--- Provided entries ---
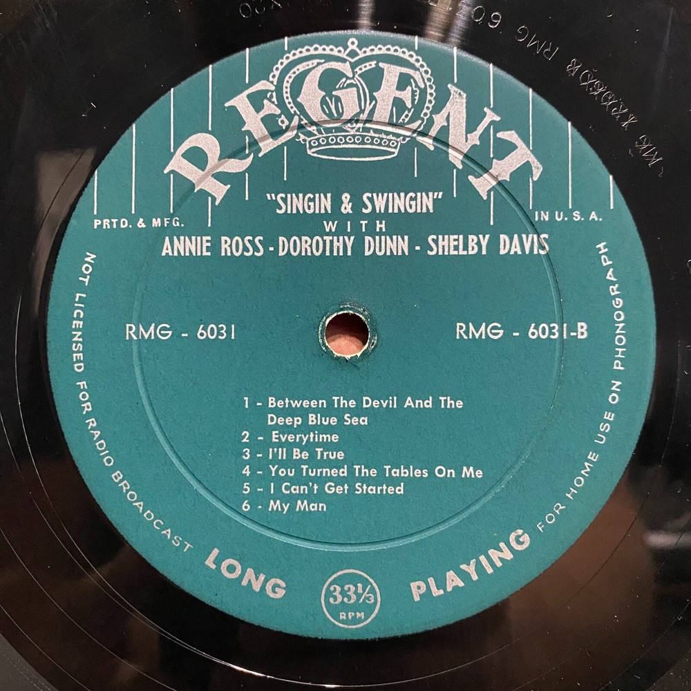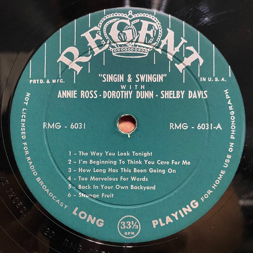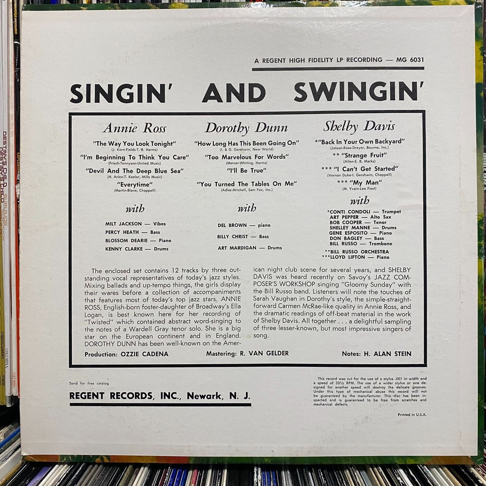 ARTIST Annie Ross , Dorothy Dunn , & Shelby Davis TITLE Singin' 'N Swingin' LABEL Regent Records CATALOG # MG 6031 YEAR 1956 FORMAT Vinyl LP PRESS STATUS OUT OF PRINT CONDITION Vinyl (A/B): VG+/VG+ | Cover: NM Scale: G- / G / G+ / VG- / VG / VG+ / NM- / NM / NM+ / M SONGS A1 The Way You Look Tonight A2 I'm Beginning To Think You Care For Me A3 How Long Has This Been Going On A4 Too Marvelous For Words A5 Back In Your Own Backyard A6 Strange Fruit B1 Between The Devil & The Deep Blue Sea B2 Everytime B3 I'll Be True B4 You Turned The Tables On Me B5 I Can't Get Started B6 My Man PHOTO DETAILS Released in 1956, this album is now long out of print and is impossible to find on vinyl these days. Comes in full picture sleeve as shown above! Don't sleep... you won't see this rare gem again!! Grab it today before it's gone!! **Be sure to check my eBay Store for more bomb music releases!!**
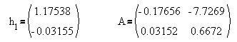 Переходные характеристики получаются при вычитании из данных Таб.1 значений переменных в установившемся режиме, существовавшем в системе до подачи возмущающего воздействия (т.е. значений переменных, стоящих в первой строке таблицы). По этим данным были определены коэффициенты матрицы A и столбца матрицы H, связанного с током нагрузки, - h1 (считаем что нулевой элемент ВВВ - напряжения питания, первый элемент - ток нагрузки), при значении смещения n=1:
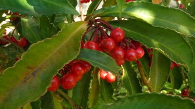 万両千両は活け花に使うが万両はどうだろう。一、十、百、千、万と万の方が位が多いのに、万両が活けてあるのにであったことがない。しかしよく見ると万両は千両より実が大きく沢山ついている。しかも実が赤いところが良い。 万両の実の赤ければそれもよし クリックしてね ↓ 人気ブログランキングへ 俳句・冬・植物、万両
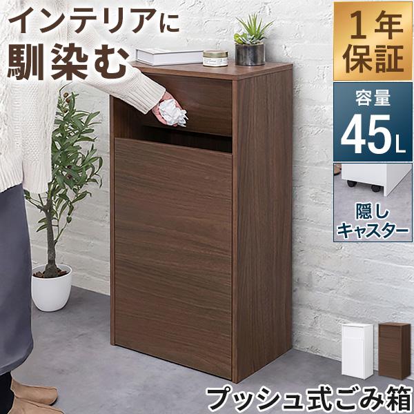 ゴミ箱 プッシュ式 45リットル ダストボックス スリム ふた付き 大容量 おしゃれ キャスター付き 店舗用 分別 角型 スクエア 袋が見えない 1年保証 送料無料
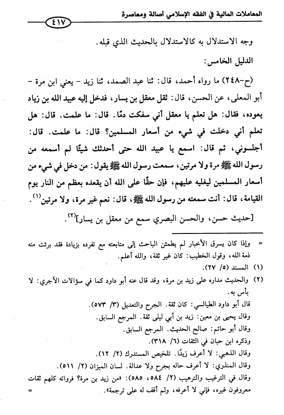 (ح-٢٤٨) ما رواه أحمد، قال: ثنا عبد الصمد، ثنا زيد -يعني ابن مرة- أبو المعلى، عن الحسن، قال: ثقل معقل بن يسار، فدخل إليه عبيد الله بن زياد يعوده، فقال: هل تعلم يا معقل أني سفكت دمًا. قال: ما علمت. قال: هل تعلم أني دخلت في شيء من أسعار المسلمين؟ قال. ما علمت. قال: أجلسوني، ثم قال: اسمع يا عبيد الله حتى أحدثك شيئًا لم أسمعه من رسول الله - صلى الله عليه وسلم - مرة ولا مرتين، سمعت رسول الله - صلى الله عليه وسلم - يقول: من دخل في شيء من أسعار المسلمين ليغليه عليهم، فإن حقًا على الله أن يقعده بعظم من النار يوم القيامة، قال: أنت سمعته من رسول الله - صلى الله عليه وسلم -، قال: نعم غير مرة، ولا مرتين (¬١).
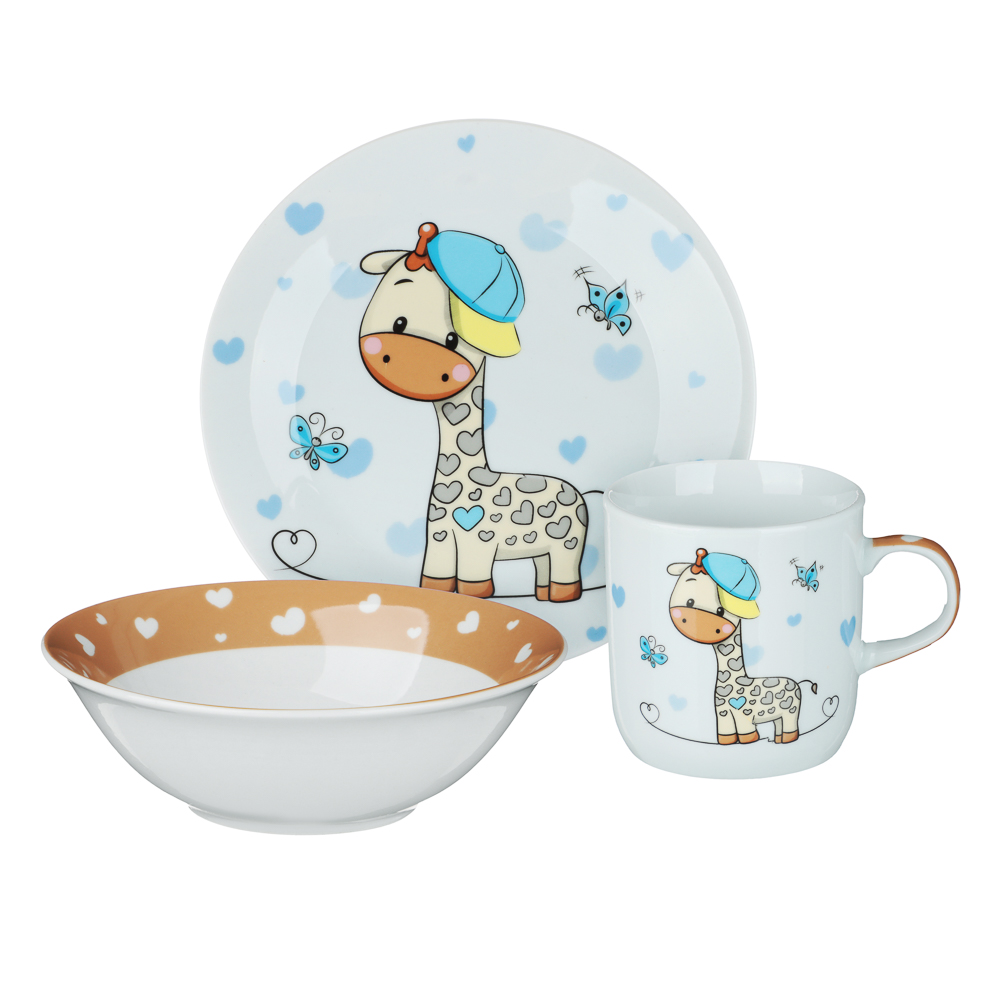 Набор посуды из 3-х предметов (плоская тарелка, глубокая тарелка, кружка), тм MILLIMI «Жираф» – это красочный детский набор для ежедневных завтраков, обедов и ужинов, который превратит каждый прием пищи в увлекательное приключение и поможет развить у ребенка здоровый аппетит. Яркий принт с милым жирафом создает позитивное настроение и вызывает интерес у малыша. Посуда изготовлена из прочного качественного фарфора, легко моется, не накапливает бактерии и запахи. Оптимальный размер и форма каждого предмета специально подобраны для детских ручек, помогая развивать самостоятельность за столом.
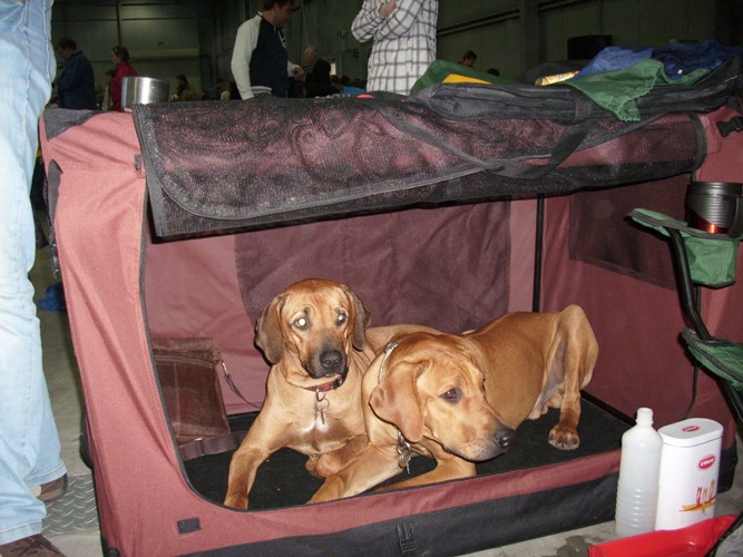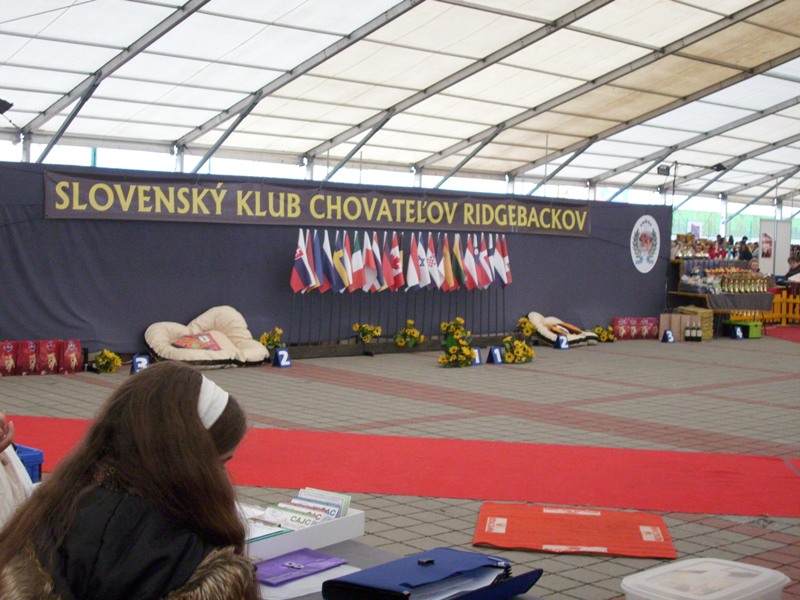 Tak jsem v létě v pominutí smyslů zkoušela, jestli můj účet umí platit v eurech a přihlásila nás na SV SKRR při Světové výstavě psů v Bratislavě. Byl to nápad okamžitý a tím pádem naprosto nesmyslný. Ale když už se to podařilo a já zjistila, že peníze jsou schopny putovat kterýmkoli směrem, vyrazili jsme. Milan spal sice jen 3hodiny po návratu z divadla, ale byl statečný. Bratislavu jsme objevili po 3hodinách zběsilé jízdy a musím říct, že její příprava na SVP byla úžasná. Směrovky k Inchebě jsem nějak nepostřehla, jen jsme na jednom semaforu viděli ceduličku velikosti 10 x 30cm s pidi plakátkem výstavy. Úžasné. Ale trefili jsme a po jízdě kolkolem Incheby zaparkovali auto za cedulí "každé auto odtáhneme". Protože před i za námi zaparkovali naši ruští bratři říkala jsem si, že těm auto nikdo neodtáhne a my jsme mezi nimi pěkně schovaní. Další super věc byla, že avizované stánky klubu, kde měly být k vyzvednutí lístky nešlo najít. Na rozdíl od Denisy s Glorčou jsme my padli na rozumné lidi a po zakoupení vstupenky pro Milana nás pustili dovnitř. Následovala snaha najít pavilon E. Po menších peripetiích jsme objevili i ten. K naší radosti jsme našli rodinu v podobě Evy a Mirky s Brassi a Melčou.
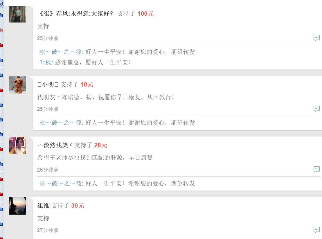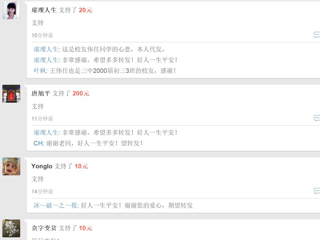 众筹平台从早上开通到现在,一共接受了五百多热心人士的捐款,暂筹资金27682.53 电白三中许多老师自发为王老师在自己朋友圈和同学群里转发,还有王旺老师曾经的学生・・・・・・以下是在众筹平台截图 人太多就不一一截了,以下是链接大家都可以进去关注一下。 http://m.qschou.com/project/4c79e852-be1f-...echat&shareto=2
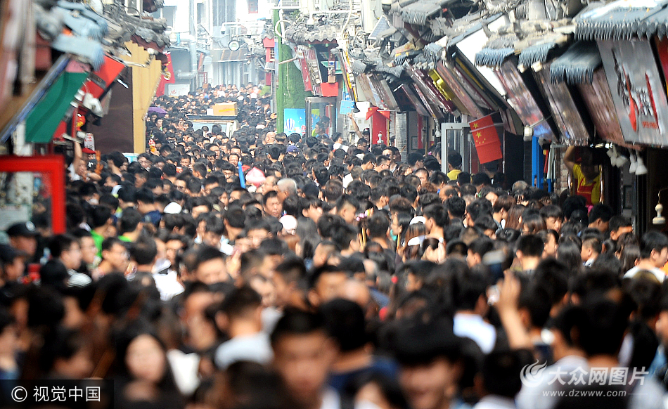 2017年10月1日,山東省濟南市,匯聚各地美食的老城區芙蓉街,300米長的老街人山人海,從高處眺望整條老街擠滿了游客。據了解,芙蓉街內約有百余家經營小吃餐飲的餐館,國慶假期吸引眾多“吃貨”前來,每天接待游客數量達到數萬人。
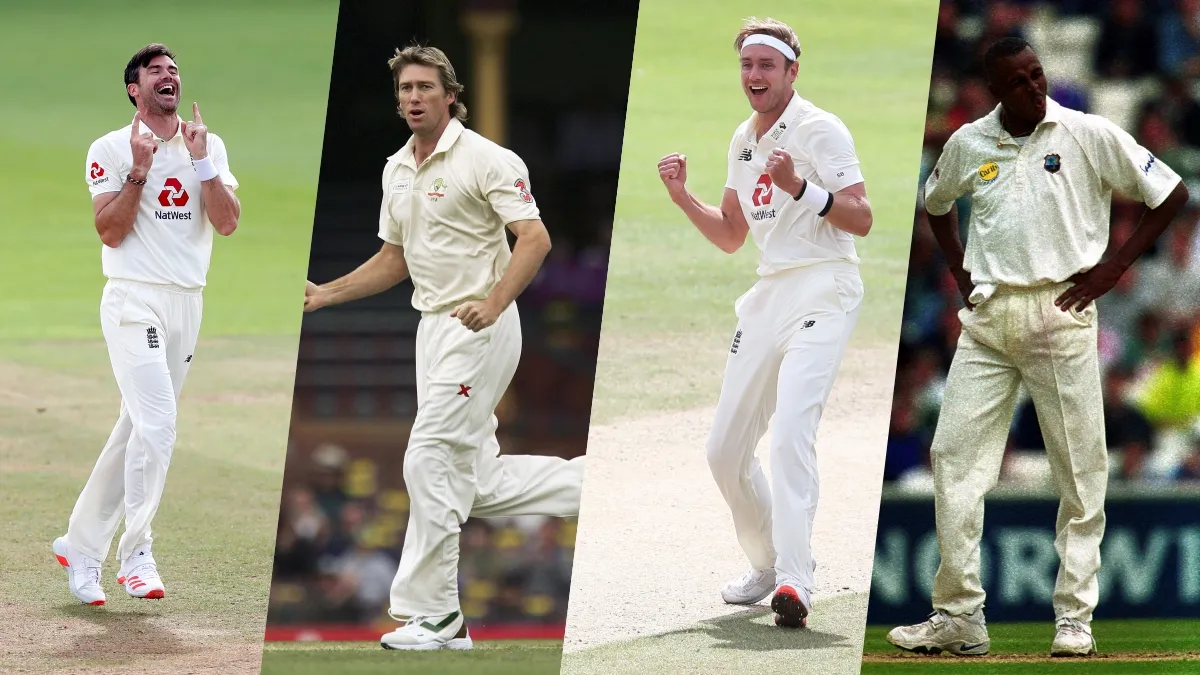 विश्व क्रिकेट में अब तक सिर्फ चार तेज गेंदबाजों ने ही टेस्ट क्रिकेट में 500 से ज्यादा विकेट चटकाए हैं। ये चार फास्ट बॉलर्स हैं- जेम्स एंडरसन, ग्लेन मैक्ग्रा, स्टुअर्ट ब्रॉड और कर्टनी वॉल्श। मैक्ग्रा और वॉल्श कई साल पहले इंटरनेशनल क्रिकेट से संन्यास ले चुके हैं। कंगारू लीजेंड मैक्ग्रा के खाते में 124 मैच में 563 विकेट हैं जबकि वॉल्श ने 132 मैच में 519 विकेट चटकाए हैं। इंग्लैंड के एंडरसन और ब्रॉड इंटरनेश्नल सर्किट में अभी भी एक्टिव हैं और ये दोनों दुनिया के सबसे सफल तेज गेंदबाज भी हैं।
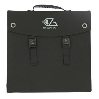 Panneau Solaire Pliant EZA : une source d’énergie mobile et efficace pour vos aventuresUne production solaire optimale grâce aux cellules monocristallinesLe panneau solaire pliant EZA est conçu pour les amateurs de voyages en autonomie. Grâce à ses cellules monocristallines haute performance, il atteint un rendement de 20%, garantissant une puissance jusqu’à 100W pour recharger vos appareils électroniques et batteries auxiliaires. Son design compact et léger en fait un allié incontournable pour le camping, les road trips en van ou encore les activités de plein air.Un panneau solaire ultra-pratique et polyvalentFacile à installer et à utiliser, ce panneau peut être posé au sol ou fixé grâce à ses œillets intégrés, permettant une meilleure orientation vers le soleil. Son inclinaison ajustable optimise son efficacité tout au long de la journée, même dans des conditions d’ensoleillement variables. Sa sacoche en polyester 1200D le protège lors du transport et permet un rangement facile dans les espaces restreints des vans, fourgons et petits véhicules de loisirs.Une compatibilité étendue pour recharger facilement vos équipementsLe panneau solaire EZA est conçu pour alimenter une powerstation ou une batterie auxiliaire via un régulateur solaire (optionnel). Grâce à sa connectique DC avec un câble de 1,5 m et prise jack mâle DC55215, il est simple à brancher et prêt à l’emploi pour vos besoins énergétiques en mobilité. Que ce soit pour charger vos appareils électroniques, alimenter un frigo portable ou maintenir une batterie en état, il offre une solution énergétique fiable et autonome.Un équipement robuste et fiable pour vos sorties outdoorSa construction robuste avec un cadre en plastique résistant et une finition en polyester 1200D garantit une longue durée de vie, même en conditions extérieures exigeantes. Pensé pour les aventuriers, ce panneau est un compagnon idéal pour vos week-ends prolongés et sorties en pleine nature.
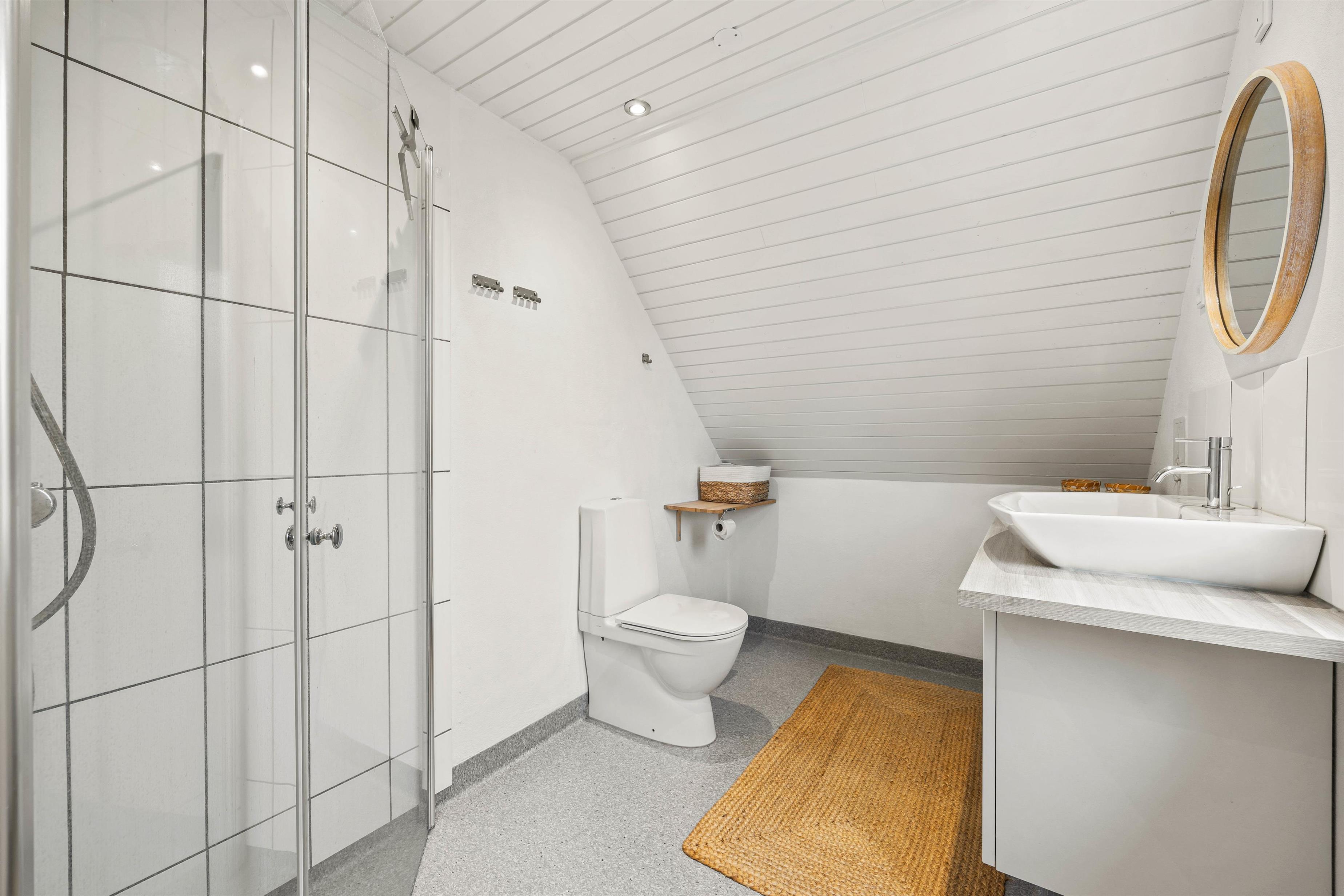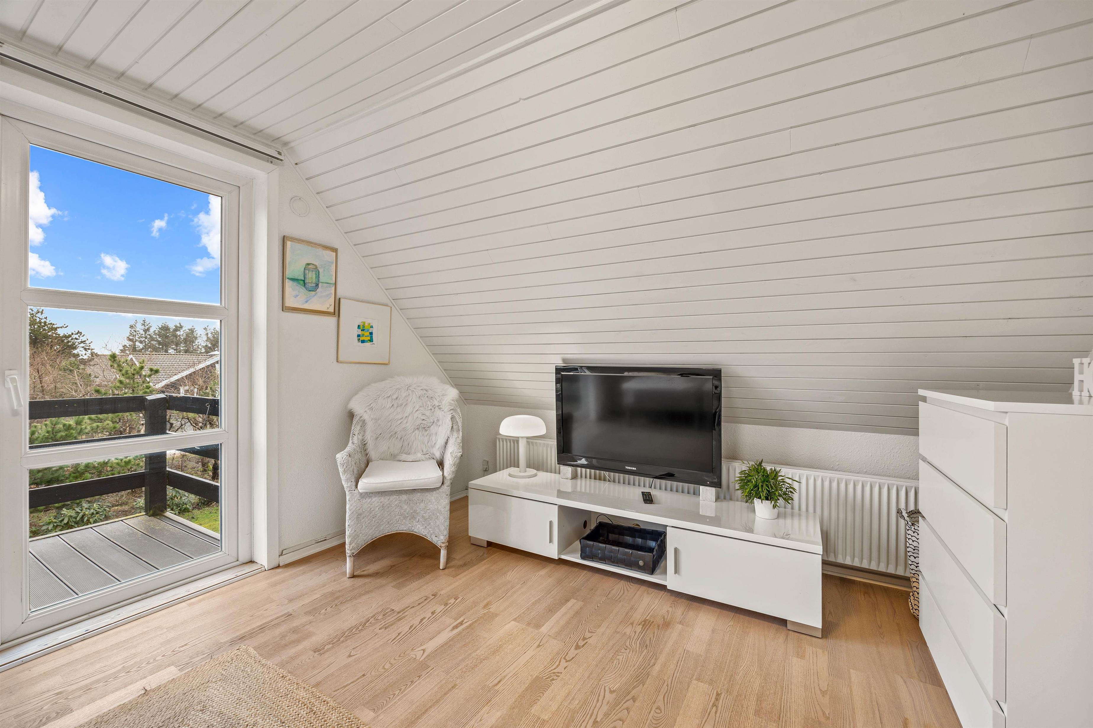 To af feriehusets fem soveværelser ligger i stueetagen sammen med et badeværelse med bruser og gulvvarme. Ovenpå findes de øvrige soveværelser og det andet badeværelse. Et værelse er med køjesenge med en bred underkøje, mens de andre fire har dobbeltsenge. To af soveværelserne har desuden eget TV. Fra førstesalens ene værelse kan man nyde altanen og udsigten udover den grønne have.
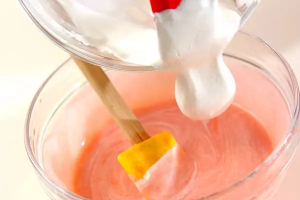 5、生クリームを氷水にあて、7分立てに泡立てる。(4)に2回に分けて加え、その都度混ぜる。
---
> _Exercise directions_
Make an exact copy of the lines above, beginning with the line with "クリックしてね ↓ 人気ブログランキングへ 俳句・冬・植物、万両" and ending with the line with "(ح-٢٤٨) ما رواه", and keep the pictures out of it.

> _Task output_
 万両千両は活け花に使うが万両はどうだろう。一、十、百、千、万と万の方が位が多いのに、万両が活けてあるのにであったことがない。しかしよく見ると万両は千両より実が大きく沢山ついている。しかも実が赤いところが良い。 万両の実の赤ければそれもよし クリックしてね ↓ 人気ブログランキングへ 俳句・冬・植物、万両
 ゴミ箱 プッシュ式 45リットル ダストボックス スリム ふた付き 大容量 おしゃれ キャスター付き 店舗用 分別 角型 スクエア 袋が見えない 1年保証 送料無料
 (ح-٢٤٨) ما رواه أحمد، قال: ثنا عبد الصمد، ثنا زيد -يعني ابن مرة- أبو المعلى، عن الحسن، قال: ثقل معقل بن يسار، فدخل إليه عبيد الله بن زياد يعوده، فقال: هل تعلم يا معقل أني سفكت دمًا. قال: ما علمت. قال: هل تعلم أني دخلت في شيء من أسعار المسلمين؟ قال. ما علمت. قال: أجلسوني، ثم قال: اسمع يا عبيد الله حتى أحدثك شيئًا لم أسمعه من رسول الله - صلى الله عليه وسلم - مرة ولا مرتين، سمعت رسول الله - صلى الله عليه وسلم - يقول: من دخل في شيء من أسعار المسلمين ليغليه عليهم، فإن حقًا على الله أن يقعده بعظم من النار يوم القيامة، قال: أنت سمعته من رسول الله - صلى الله عليه وسلم -، قال: نعم غير مرة، ولا مرتين (¬١).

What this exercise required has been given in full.